Dataset excerpt:
╭──
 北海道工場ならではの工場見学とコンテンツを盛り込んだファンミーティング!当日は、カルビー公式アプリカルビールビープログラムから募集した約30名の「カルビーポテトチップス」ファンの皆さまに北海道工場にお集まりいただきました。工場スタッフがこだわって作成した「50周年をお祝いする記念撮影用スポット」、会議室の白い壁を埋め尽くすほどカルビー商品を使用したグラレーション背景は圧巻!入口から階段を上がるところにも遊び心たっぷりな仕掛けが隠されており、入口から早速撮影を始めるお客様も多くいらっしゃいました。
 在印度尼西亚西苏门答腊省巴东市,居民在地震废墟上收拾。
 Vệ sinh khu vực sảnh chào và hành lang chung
╰──
Exercise prompt:
Set down the data once more, word for word.

Answer for the task:
 北海道工場ならではの工場見学とコンテンツを盛り込んだファンミーティング!当日は、カルビー公式アプリカルビールビープログラムから募集した約30名の「カルビーポテトチップス」ファンの皆さまに北海道工場にお集まりいただきました。工場スタッフがこだわって作成した「50周年をお祝いする記念撮影用スポット」、会議室の白い壁を埋め尽くすほどカルビー商品を使用したグラレーション背景は圧巻!入口から階段を上がるところにも遊び心たっぷりな仕掛けが隠されており、入口から早速撮影を始めるお客様も多くいらっしゃいました。
 在印度尼西亚西苏门答腊省巴东市,居民在地震废墟上收拾。
 Vệ sinh khu vực sảnh chào và hành lang chung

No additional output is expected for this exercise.